As we see technology continue to advance, the need for digital literacy in the workforce becomes more important. Today more and more employers require prospective employees to demonstrate basic computer skills, such as word processing, spreadsheets, and effective website research, just to get in the door.
This shift in skill sets is not just about adding digital components to traditional jobs, it is also about the creation of entirely new jobs which offer new opportunities for thousands of workers. It is estimated that almost eight in ten middle-skill jobs, which are defined as those that require less than a college degree but more than a high school degree, now require basic digital literacy skills. These jobs represent 39% of the overall U.S. job market and on average pay 18% more than those that don’t require digital fluency. Sadly job seekers who lack sufficient digital skills could get left behind.

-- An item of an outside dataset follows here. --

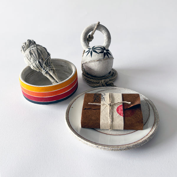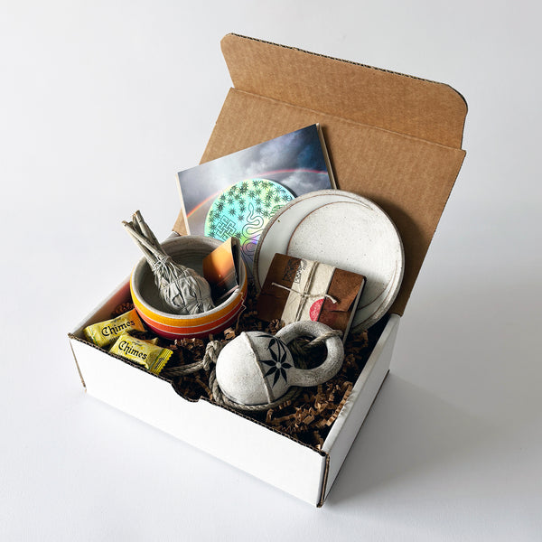 Gift-wrapped box includes: Votive, jingle bell, dish, sage bundle, soap, sticker, matchbook, ginger chews & rainbow notecard with kraft envelope

However, it not always easy to figure out which digital skills you may specifically need or may not need at all. Perhaps is easiest to think of digital literacy as a language; the more digital skills you have, the better you can speak the “digital language”. There are many nonprofit groups trying to address the problem of digital literacy in the adult population. One of these groups is digitalliteracy.gov, a site overseen by the National Telecommunications and Information Administration, under the U.S. Department of Commerce. The site offers links for many resources, with everything from basic computer skills to using software and applications. On a local level many libraries, schools and community colleges offer digital literacy classes.
The digital skills gap should not be something to fear. Rather, it is an opportunity for people of all ages – not just young people – to jump into a new sector or to get a better job at their current company. The good news is that there are ample resources for those who want to learn digital skills.